Bipartisan vaccination?

Posted by Yuling Yao on Apr 17, 2021.       Tag: modeling   causal  

I read a NYT graph article entitled Least Vaccinated U.S. Counties Have Something in Common: Trump Voters. Apart from beautiful visualizations, their graph comparison seems persuading to draw two conclusions:

  1. States with larger Trump vote shares are likely to have more adults who are vaccine hesitant.
  2. States with larger Trump vote shares have a smaller share of fully vaccinated adult residents.

Such association is legit. But I am concerned that this article can have several misleading aspects.

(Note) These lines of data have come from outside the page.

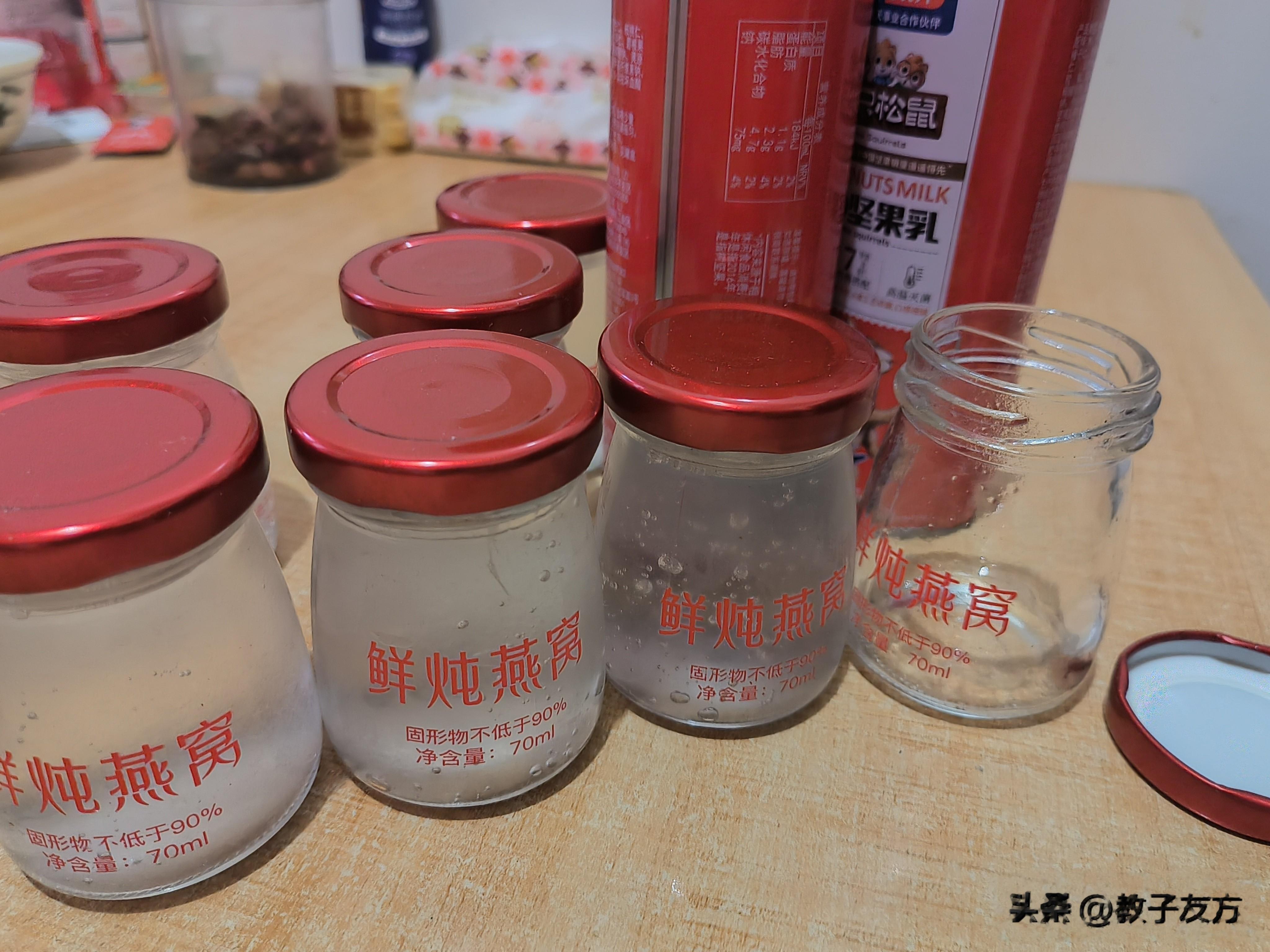 然后开始继续下一个礼品盒,鲜炖燕窝,白色透明,感觉像江湖胶水一样,里面既没有燕子,也没看见燕窝,吃完后也没啥感觉。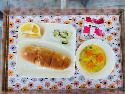 5/9の給食は「コーンクリームシチュー、キャベツときゅうりのサラダ、かわちばんかん、おさつパン、牛乳」でした。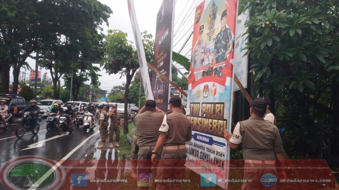 Dengan menggunakan dua unit mobil patroli, tim menurunkan puluhan baliho, spanduk, banner, dan pamflet yang melanggar ketentuan. Alat peraga yang diturunkan kemudian ditempatkan rapi di sekitar lokasi pemasangan.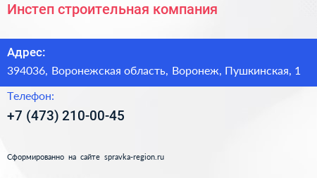 Инстеп, строительная компания по адресу 394036, Воронежская область, Воронеж, Пушкинская, 1 в дальнейшем Организация, размещена в следующих категориях: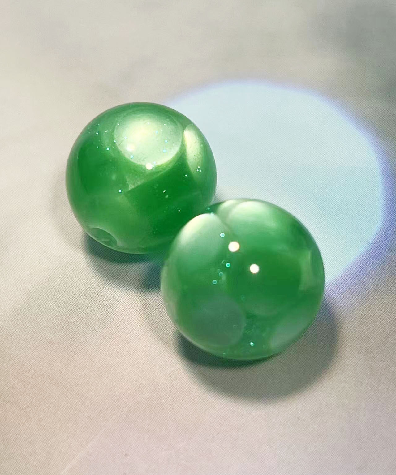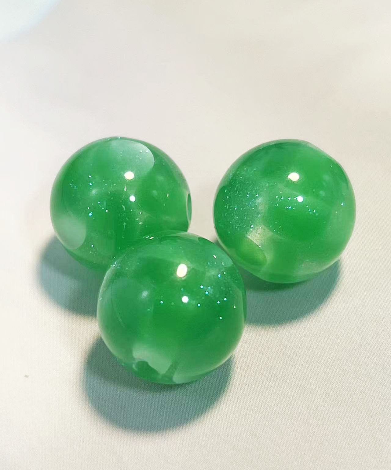 16mm魔法樹脂ビーズ「深い夢幻」グリーン系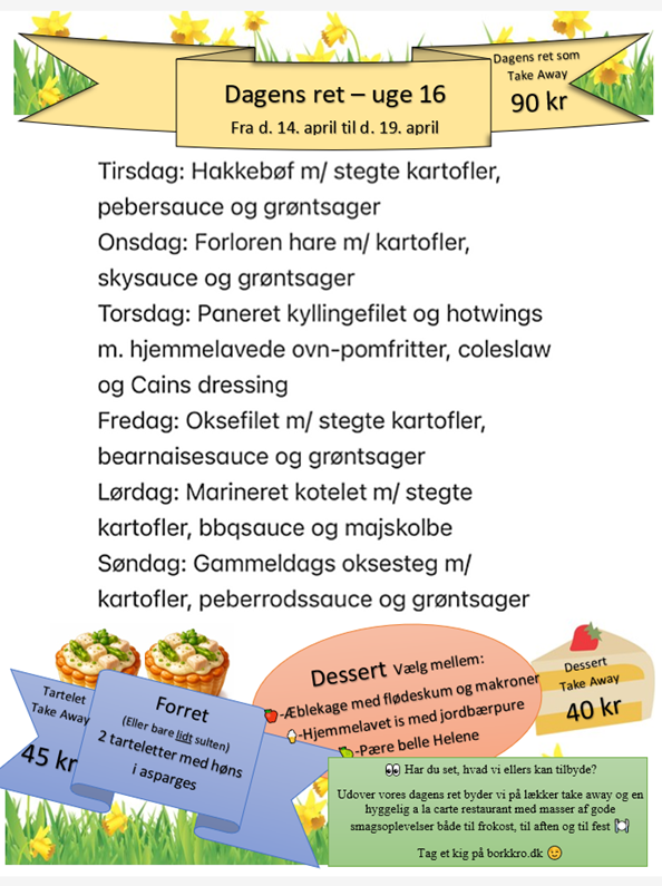 Der er udlevering af take away tirsdag til søndag mellem kl. 17.00-19.30.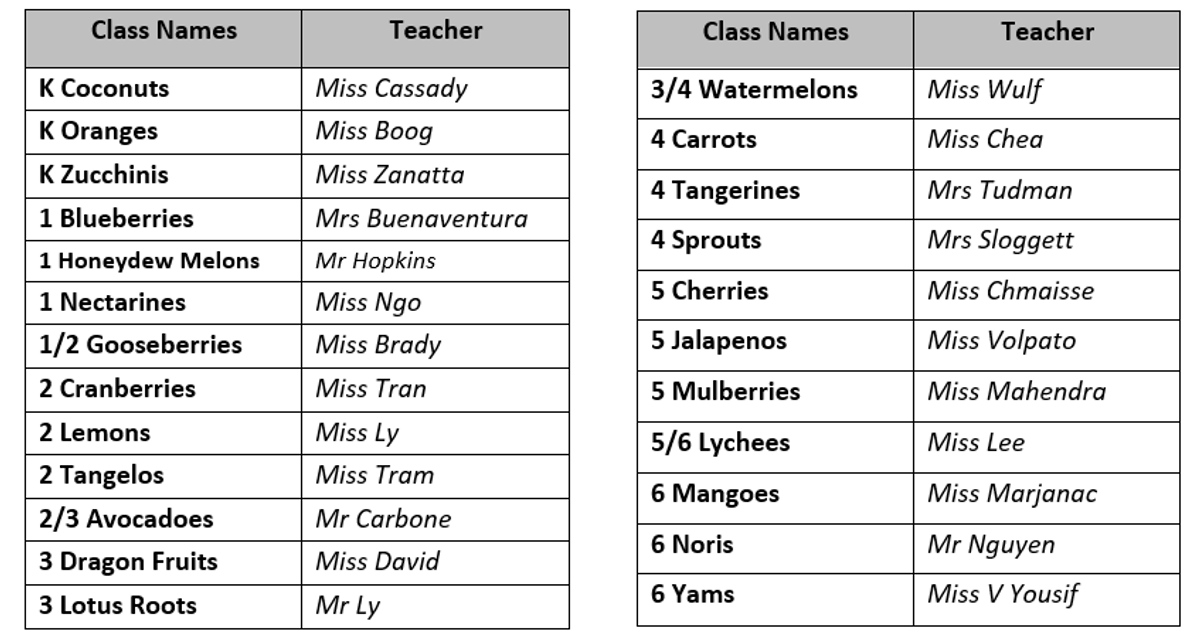 This year our classes are named after Fruits and Vegetables. This theme has been selected to coincide with the International Year of Fruits and Vegetables. When writing your child’s name for different things you can still use the initial of the class. For example, Miss Chmaisse’s class is called 5 Cherries. You can still write 5C. Children will be learning about their classes fruit or vegetables throughout the year.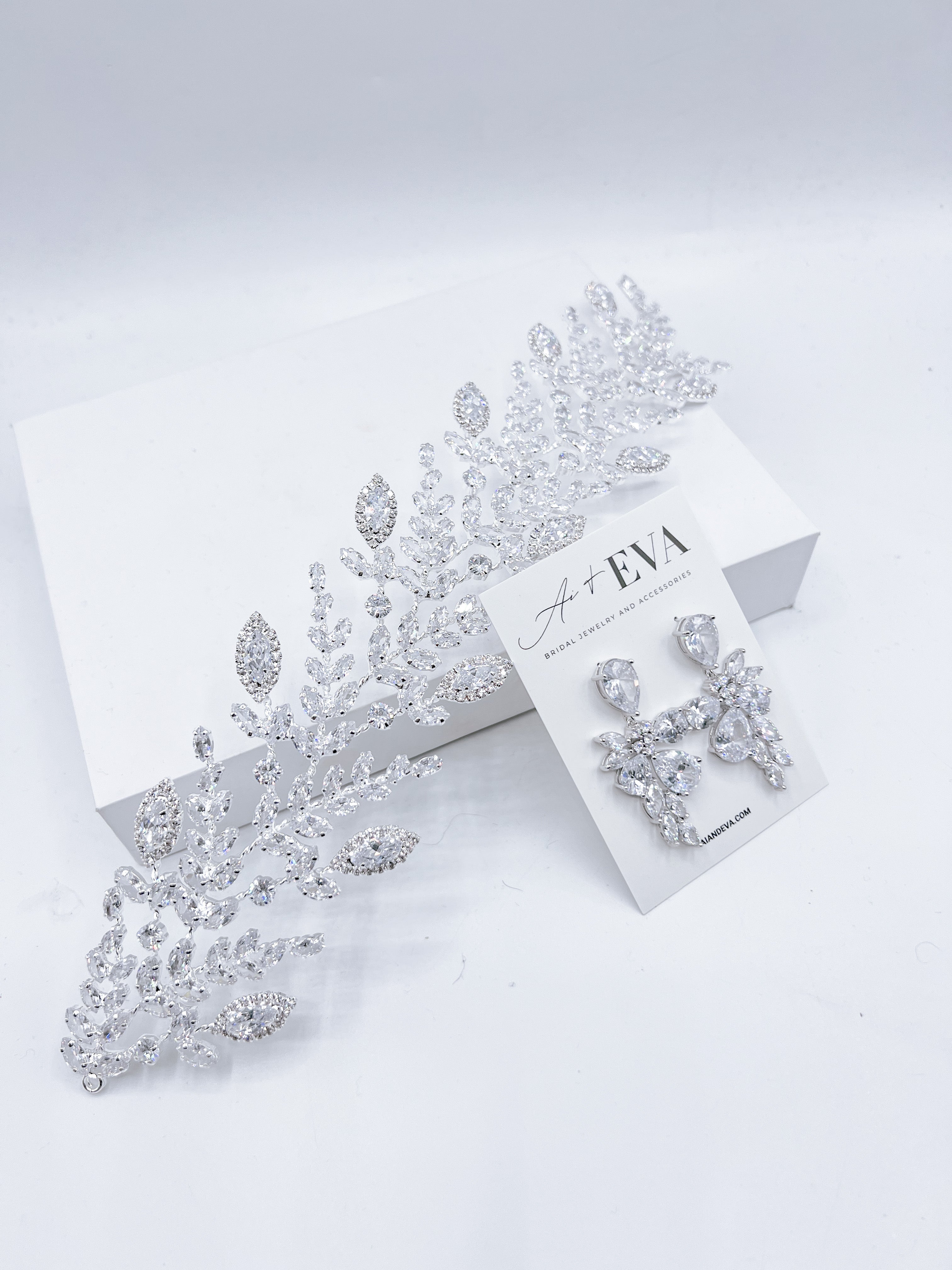 Made to order This elegant Brickell wedding headpiece features a pristine cubic zirconia design that adds a subtle sparkle to your special day. Perfectly crafted, this headpiece will be the perfect finishing touch to your wedding look. Rhodium plated gives it the most luxurious shine and luster. This helps it to guard against scratches and tarnish to use over and over.
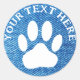 Version blanche de l'empreinte de patte. Autocollants personnalisés pour décoration et étiquetage. Version imprimée en denim bleu. Le texte peut être modifié pour la personnalisation. Toutes imprimées sur papier. Aucun tissu ne sera utilisé dans la fabrication de ce produit.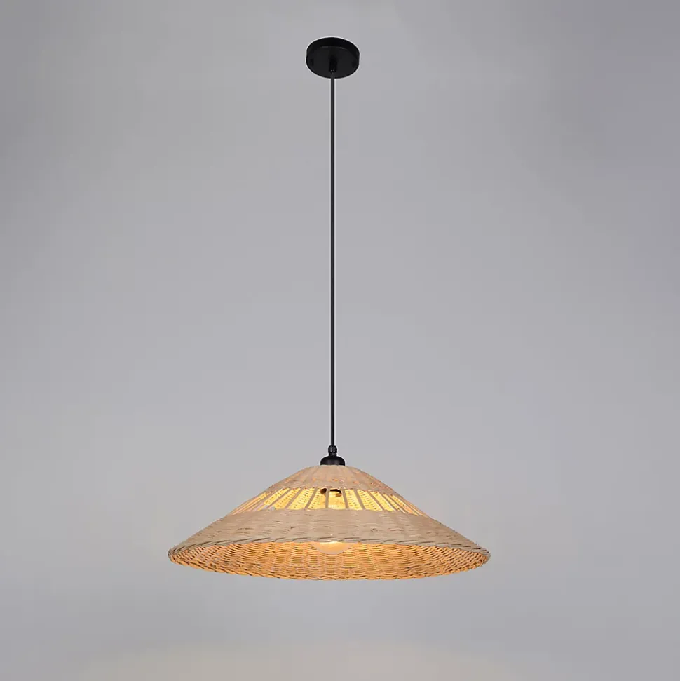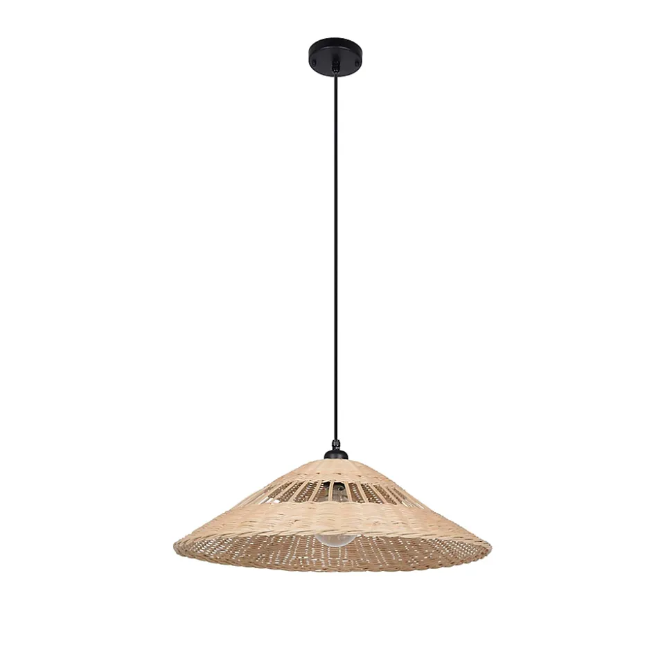 Suspension forme conique en rotin tressé finition vernis marin. Equipée d’un cordon outdoor avec pavillon en métal peint. Coloris : naturel. IP44. D56cm – H16cm – HT96cm. Classe 1. E27-15W.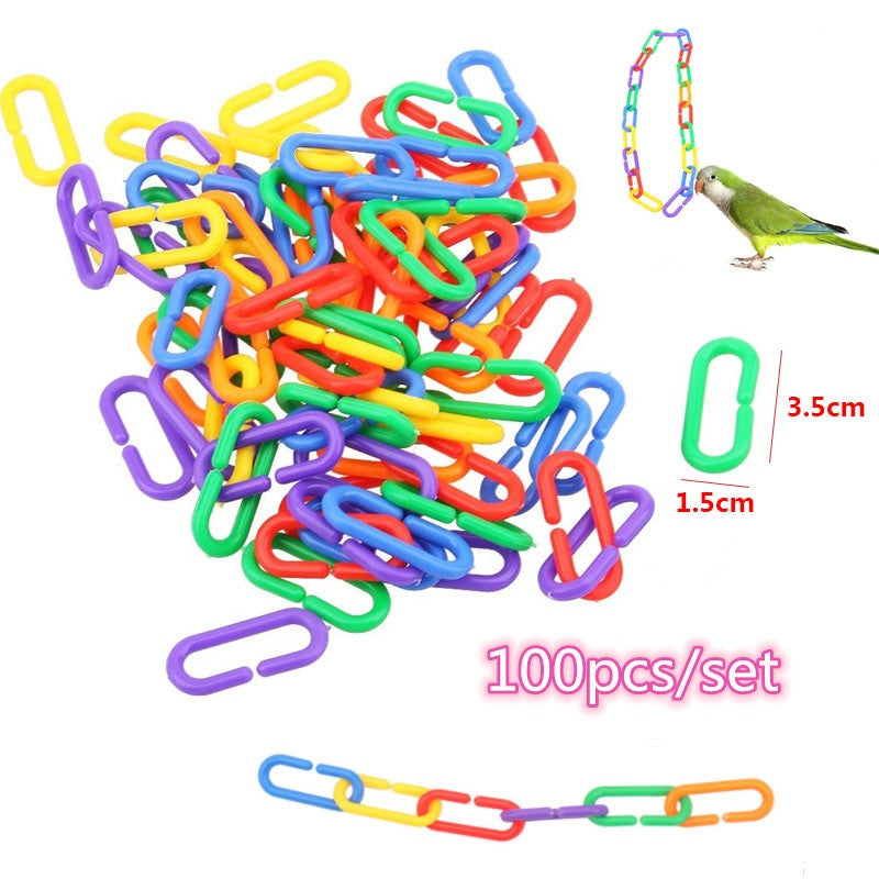 Enhance your bird's play area with the vibrant C-Shaped Plastic Chain Toy. This interactive toy is designed to keep your feathered friend entertained and active. Constructed from durable plastic, it ensures long-lasting fun. Each link measures about 1.5 x 3.5 cm, and with around 100 links included, you can customize the toy's length and arrangement to perfectly suit your bird's preferences.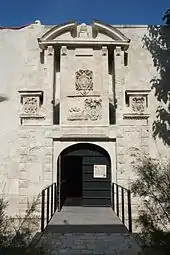La porte devait initialement comporter au-dessus des voûtes un logement pour l'état major mais après plusieurs arrêts et reprises dans sa construction, le lieutenant-général du royaume fit stopper les travaux, ne donnant à la façade intérieure que des colonnes à mi-hauteur. La porte principale présente aujourd'hui une façade, côté extérieur, sobre et massive, éloignée du projet initial et ne possédant pas le décor du projet présenté par M. de Tigné[25] en 1723. Le dispositif défensif comporte en avant de la porte principale une demi-lune. Le décor de la porte de la demi-lune se compose de 4 colonnes toscanes, d'un entablement et d'un fronton triangulaire. Le fronton est décoré d'un soleil entouré de cornes d'abondance.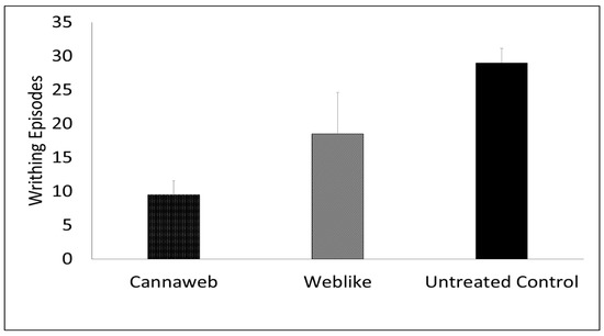 Mean writing counts in mice treated with 100 mg/kg CBD topically from F16 (Cannaweb containing 3% HSO), (n = 5) and F17 (Weblike not containing HSO), (n = 4), each containing 5% w/w CBD. The treatment was carried out 1 h prior to IP injection of acetic acid and, compared to untreated control mice, received an IP injection of acetic acid (n = 4) (Mean ±SD). p < 0.01 (considered very significant) for Cannaweb containing HSO vs. Untreated control group, p < 0.05 (considered significant) for Cannaweb containing 3% HSO vs. Weblike not containing HSO, by One-Way ANOVA.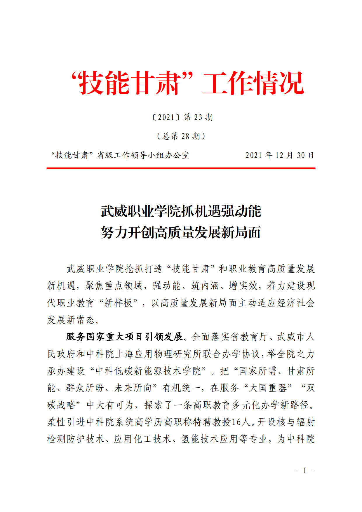 技能甘肅工作情況第28期:武威職業(yè)學(xué)院抓機遇強動能努力實現(xiàn)高質(zhì)量發(fā)展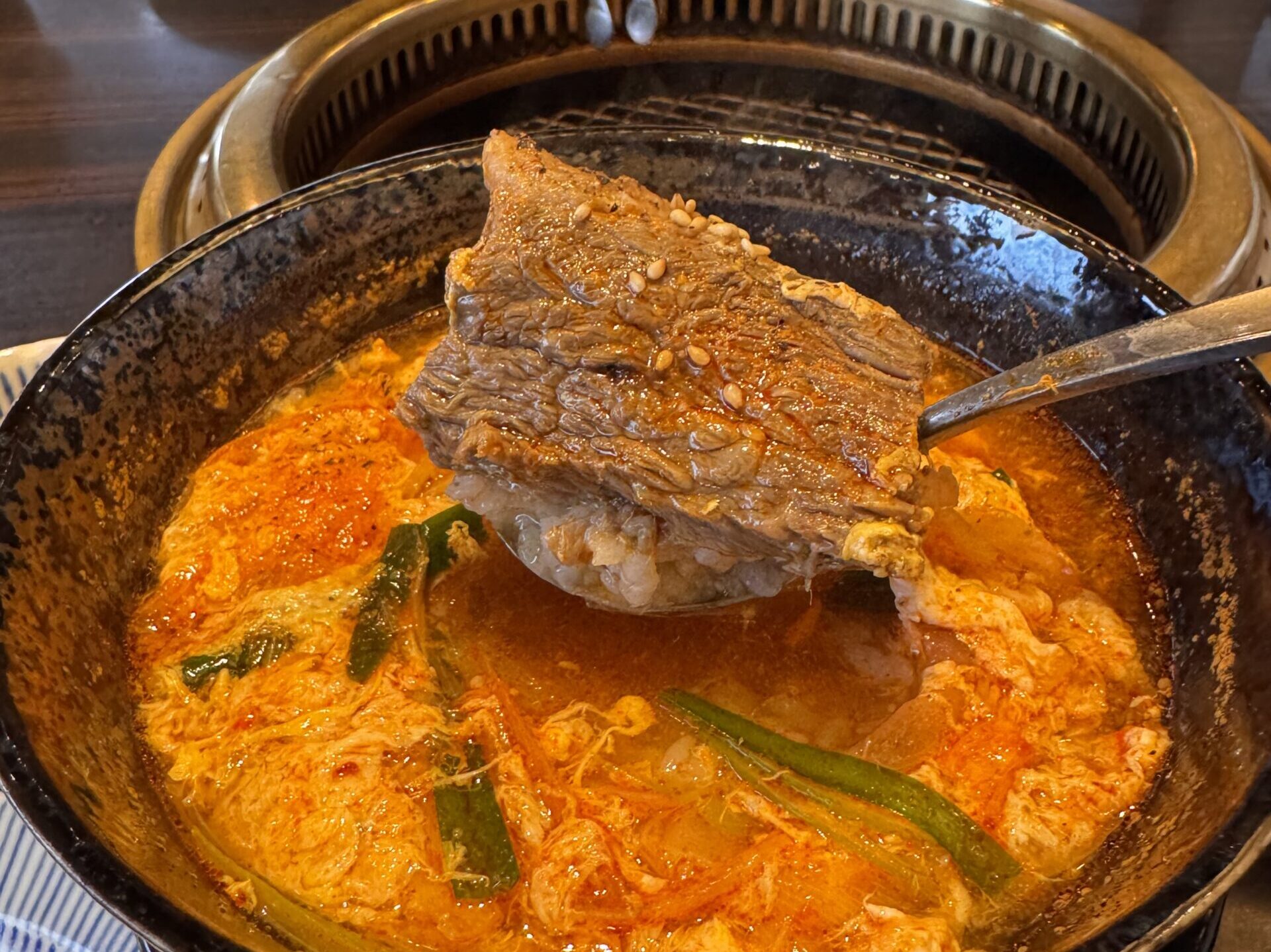 そして、もう一つの主役が「カルビクッパ」。 真っ赤な見た目から想像する刺激的な辛さではなく、思いのほかやさしい味わいです。

  1. The bipartisan gap, or the income gap, or the urban-rural gap? The shares of trump voters are associated with many other variables. Slightly rearrange what variable to show, one would equally draw a conclusion such as “States with lower average incomes are likely to have more adults who are vaccine hesitant”, or perhaps a conspiracy theory might want to change the title to a thrilling “Rural states are ignored in vaccine distributions”. All these variables are quite related. The root of conspiracy theories is to attribute all variations to one single variable, no matter it is race or voting.
  2. The state level and individual level relation. To be fair, the article did not suggest “individual Trump voters are likely to be more vaccine hesitant”, but I am afraid many readers would interpret the state level associations in this way. Although this micro level explaination is plausible, we just cannot draw individual level relation from group level data. A famous example is that income is generally positively associated with education, but universities or colleges is properly among the lower-end of sections in terms of average salaries, despite its high level of average employee education: the industry-clustering is correlated with outcome variables. The same reasoning applies here for individual level inference.
  3. What can the country level comparison tell. The article did do more analysis on country level comparisons, with a section title “Counties where more residents voted for Trump often have lower vaccination rates”. Based on the graph, it is a weak evidence. If you look into states like Virginia, Oregon, or New Jersey, probably you would draw the opposite conclusion. Again, generally countries level relations do not have to the same direction as in individual level or in state level. Think about income for example: richer states are more blue while richer voters are more republican. In between, the county level relation can mix these two ends: many part of long island is redder and rich because rich people choose to cluster there, while in there are other red and poor upper state counties because they are rural. Again, both of these two mechanisms are outcome-dependent clustering but they result in divergent signs in country level relations. In this example, the country level comparison is mostly driven by (a) rural-urban distinction and (b) elder population shares. I guess that is why the pattern in Vermont is mostly random.
  4. Vaccine hesitation vs Vaccine rollout The article mixes these two outcome variables: vaccine hesitation and vaccine rollout. But are the correlation between them a fixed constant? Since it (April) is still in the early phase of vaccine distribution nationwide, is the vaccine trust the main bottleneck of vaccine rollout? I think the answer is negative and it is more evident in country levels. Look at upper state NY. The vaccine hesitation is relatively high within the state, but the rollout rates are good. Hamilton County has 65% fully vaccinated adults (remember the optimal rejection rate of an HMC sampler is indeed 0.651), highest in the state. Sure, in the longer run when there is enough supply, the vaccine rollout rate will eventually become (1- vaccine hesitation rate) and thereby perfectly correlated. But for the short term there are many other factors too. It seems the author has tries to fix this problem by showing that the average share of delivered doses reported as used is lower in 10 most hesitate states: but this usage efficiency itself would be largely correlated with rural-urban distinction.

It is convenient/eye-catching to explain everything by bipartisan gap. But we need more modeling for the full picture story.